The Original Research, “Age of onset of necrotizing enterocolitis (NEC) and focal intestinal perforation (FIP) in very preterm and low birthweight infants: a systematic review”, mentioned the onset of necrotizing enterocolitis at the third week for very preterm, low birthweight infants.
The main objective of the present study was to review the Age of onset of Necrotising enterocolitis (NEC) and focal intestinal perforation (FIP) in very preterm (≤32 weeks) and very low birth weight (VLBW, ≤1500 g) infants.
In this study, the databases used were MEDLINE/ PubMed, Embase, CINAHL and Cochrane Central Register of Controlled Trials.
Researchers extracted the Age of onset as a day of life (DOL) and corrected gestational Age (CGA) alongside study information.
The key results of this study are:
· Total of 747 studies were screened, and 188 were eligible
· After eliminating duplicate and ineligible studies,10 RCTs and 14 observational studies were left.
· This contributed to 51 NEC cohorts; 49 reported onset DOL and 14 CGA.
· 2984 cases of Necrotising enterocolitis (NEC) had average DOL onset of 16.7 and CGA onset of 30.1 weeks.
· There was no impact of Gestation on DOL onset.
· Demographic features were not known to impact Necrotising enterocolitis (NEC) onset.
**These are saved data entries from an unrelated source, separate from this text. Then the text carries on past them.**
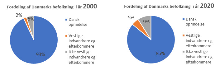 Fra 2000 til 2020, er der sket en fordobling af andelen af indvandrere og efterkommere.
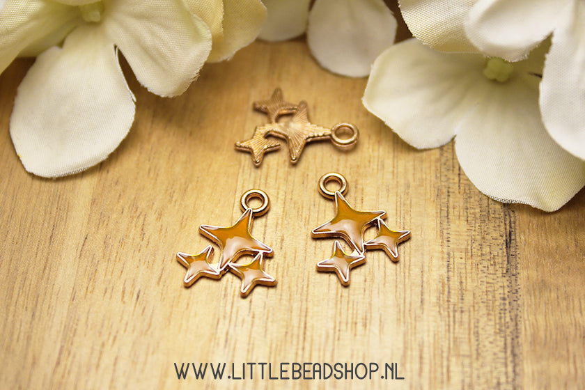Emaille bedels zijn bedels gemaakt van alloy metaal met een laagje gekleurd glazuur. Dat glazuurlaagje wordt ook wel Email of Emaille genoemd. Ze bestaan in allerlei leuke kleuren en soorten. Meestal zijn de bedels van rosé-goudkleurig of goudkleurig metaal gemaakt maar je ziet ze ook wel met zilverkleurig metaal. Emaille bedels zijn net iets luxer en ideaal om te gebruiken in je armbandje of ketting! Of gebruik er 2 om super leuke oorbelletjes mee te maken!
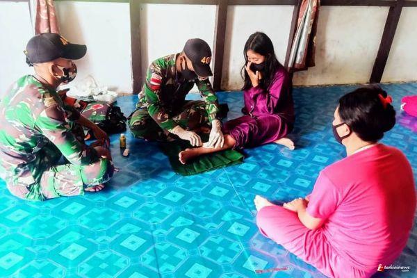 ​​​​​​KALIMANTAN- Tim Kesehatan Pos Sei Kelik Satgas Yonif 407/PK memberikan pertolongan pertama kepada Jelli Ridwan (16) warga Ds. Sungai Kelik, Kec. Ketungau Hulu, Kab. Sintang, yang mengalami luka terkena pecahan kaca Lemari saat membersihkan rumah. Senin (08/03/2021).
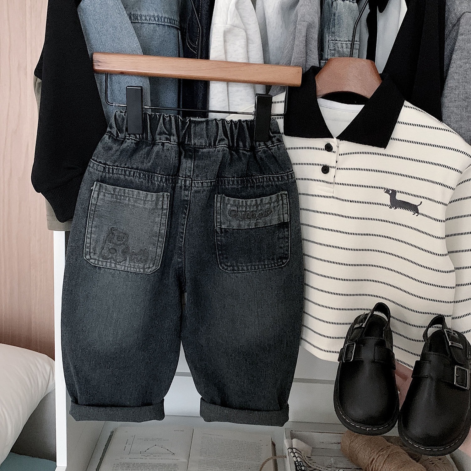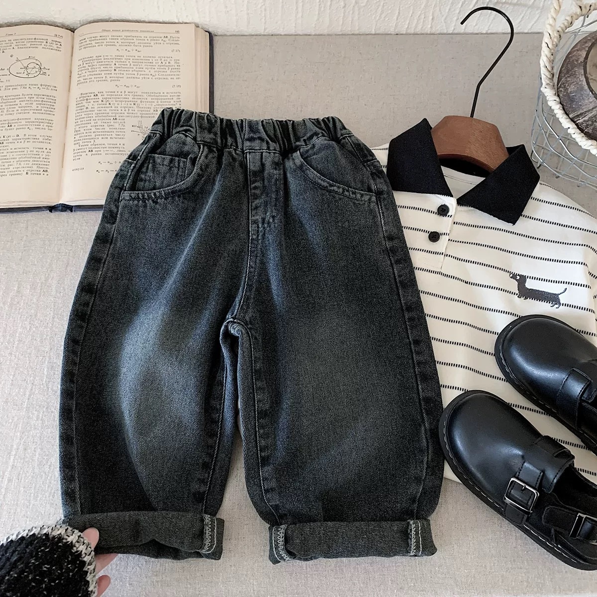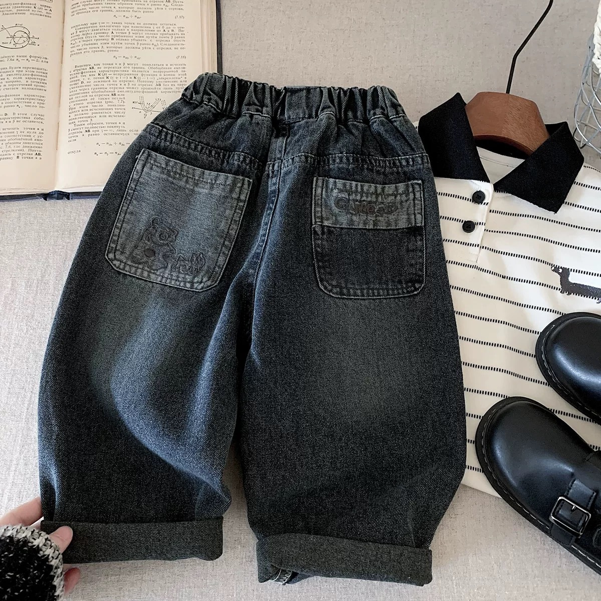 남아용 청바지, 가을 아동용 청바지, 패셔너블하고 캐주얼한 스트리트 스타일, 어린 소년 아빠 바지스토어 가기
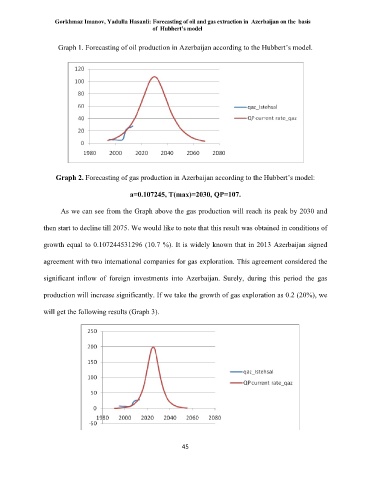 Graph 2. Forecasting of gas production in Azerbaijan according to the Hubbert’s model:
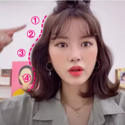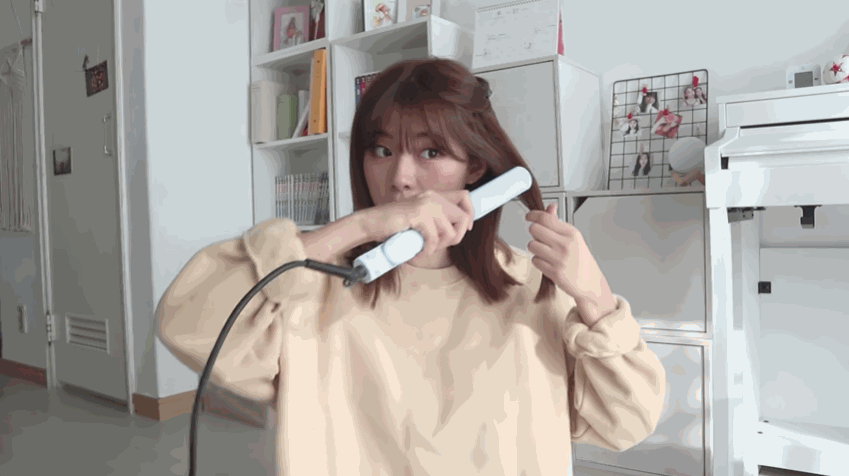 這個髮型適合用直板夾來做,可以把頭髮從內到外分成3層。最後夾成內扣就好,只需要卷1次:
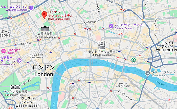※ ホテルの周辺環境は、「大英博物館」や「ロンドン大学」がある文教地区ですから、治安も良くて安心です。(頭の良さそうな大学生たちが、たくさん歩いていますよ)

Concluding further, they said the Average onset of Necrotising enterocolitis (NEC) in exclusively very preterm/very low birth weight infants is in the third week of life and, unlike in cohorts, including more mature or heavier infants, is not impacted by birth gestation.
Given its importance to neonatal medicine, standardised reporting for all studies where NEC is a primary or secondary outcome would improve mechanistic and trial understanding.
Further reading:
BDS, MDS in Periodontics and Implantology
Dr. Aditi Yadav is a BDS, MDS in Periodontics and Implantology. She has a clinical experience of 5 years as a laser dental surgeon. She also has a Diploma in clinical research and pharmacovigilance and is a Certified data scientist. She is currently working as a content developer in e-health services. Dr. Yadav has a keen interest in Medical Journalism and is actively involved in Medical Research writing.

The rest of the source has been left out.